For documentation purposes, the repository contains multiple complete GMTK models trained using labeled audio data. The latest and most mature learning model is contained under alpha0.

GMTK and Bayesian Models

We use GMTK for training and online classification purposes. Each folder contains a subfolder named decoding, which includes model parameters obtained as a result of the GMTK training process.

The models used here are hidden markov models (HMMs) with Gaussian mixture emissions. In training, a binary HMM was assumed and mixture components for each were learned. For classification, we create an HMM with 2*M states, for which each binary state is replicated M times to temporally force classification to favor lasting features of a particular class. This helps with mitigating false positives ( sounds classified to be applause when they are actually caused by intermittent clap-like ambient sounds such as clinks or bangs). The trained models contain in the order of 10-20 mixture components for each class.

Implementation Details

Classifying audio events often require both temporal and frequency domain signatures to be learned from raw data. For the specific task of applause detection, we experimented with Auditory Filterbank Temporal Envelope (AFTE) features.
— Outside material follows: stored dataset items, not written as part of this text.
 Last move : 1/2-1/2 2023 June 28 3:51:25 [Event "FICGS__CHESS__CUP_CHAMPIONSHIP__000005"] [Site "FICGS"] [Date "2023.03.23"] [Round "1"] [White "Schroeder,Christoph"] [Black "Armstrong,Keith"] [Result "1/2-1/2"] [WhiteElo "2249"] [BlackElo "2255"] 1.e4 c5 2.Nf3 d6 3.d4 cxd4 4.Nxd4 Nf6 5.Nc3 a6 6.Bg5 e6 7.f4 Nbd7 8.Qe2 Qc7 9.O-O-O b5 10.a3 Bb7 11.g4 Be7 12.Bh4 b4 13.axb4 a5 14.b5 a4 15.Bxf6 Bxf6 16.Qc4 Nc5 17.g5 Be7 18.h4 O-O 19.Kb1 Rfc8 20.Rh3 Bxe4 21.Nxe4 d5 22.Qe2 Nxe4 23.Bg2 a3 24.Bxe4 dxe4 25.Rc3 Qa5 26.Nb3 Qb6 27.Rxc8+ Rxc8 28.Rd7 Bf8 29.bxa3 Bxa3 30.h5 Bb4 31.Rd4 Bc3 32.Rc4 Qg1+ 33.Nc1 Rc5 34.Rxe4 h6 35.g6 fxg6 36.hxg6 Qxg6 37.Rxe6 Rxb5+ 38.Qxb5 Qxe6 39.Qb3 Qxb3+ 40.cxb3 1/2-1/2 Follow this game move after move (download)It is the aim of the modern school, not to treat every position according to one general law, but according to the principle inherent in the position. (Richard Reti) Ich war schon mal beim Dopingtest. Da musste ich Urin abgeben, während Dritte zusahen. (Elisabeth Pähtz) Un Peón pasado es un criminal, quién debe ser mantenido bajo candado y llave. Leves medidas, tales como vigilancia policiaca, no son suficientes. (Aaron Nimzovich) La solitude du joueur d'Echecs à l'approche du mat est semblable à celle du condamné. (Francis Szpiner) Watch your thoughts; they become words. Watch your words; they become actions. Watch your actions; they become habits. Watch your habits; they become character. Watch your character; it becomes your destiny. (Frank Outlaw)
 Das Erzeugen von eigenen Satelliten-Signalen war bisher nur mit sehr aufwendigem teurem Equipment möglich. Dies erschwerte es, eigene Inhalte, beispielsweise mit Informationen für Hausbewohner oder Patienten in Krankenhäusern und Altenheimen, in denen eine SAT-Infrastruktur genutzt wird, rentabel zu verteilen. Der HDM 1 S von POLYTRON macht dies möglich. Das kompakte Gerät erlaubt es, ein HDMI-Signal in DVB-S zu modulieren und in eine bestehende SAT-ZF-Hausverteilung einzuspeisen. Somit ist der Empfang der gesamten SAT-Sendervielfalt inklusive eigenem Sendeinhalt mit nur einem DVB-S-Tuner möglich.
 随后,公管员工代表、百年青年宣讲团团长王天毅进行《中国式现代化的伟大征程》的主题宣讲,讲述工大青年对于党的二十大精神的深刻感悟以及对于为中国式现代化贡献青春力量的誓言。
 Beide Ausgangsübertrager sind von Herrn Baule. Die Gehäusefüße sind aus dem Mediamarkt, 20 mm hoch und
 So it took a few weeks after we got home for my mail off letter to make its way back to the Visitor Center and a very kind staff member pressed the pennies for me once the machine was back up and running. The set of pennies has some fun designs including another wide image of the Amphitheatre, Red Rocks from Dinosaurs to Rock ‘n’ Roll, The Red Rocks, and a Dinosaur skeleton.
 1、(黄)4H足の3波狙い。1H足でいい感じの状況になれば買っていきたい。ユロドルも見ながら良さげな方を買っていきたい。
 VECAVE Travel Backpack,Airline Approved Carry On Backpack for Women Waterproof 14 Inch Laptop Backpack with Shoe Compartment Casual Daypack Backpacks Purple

We used a raw audio signal collected by a microphone accessor at a sampling rate of 48kHz. For feature extraction, we used 1/3 s windows with an overlap window of 3200 samples (i.e., features were extracted at a rate of 15 fps). We used a filterbank of 8 channels and optimized center frequencies of the (bandpass) filterbank to be [377, 524, 707, 934, 1217, 1568, 2000, 2800] Hz, respectively. The output stream of each filter was processed by a low pass filter for detecting the envelope, and we finally took a 64-point FFT of each to yield features.

As the objective of the features is to accurately identify audio envelopes belonging to applause vs non applause sounds, we ranked the features based on their discriminatory power using a combination of t-test, entropy, and KL Divergence criteria, and selected 10-20 features that are most influential in separating positive and negative samples. Note that there exist more complex feature selection/transformation/dimensionality reduction methods that could be applied (e.g., PCA), but simple selection worked well in our case. Also, note that the feature dimension dramatically affects the success probability of the HMM training phase.

Real-time Performance

Note that at the given frame rate, we need to perform feature extraction per frame at about 60ms for real-time classification. We perform all filtering operations of the AFTE filters, as well as the envelope extraction using Overlap-and-add FFT, with a thread pool where each channel of the filterbank is handled by a separate thread. The java implementation of the feature extractor is available here as part of the Ptolemy tree.

Execution

decoding/applause.sh can be run as a WebSocket app via websocketd. We extract feature vectors using a CapeCode swarmlet and stream these to gmtkOnline ( using WebSockets), which returns decoded streams to the swarmlet. After processing the decoded stream through a smoothing filter, the results are ready to be processed by other applications.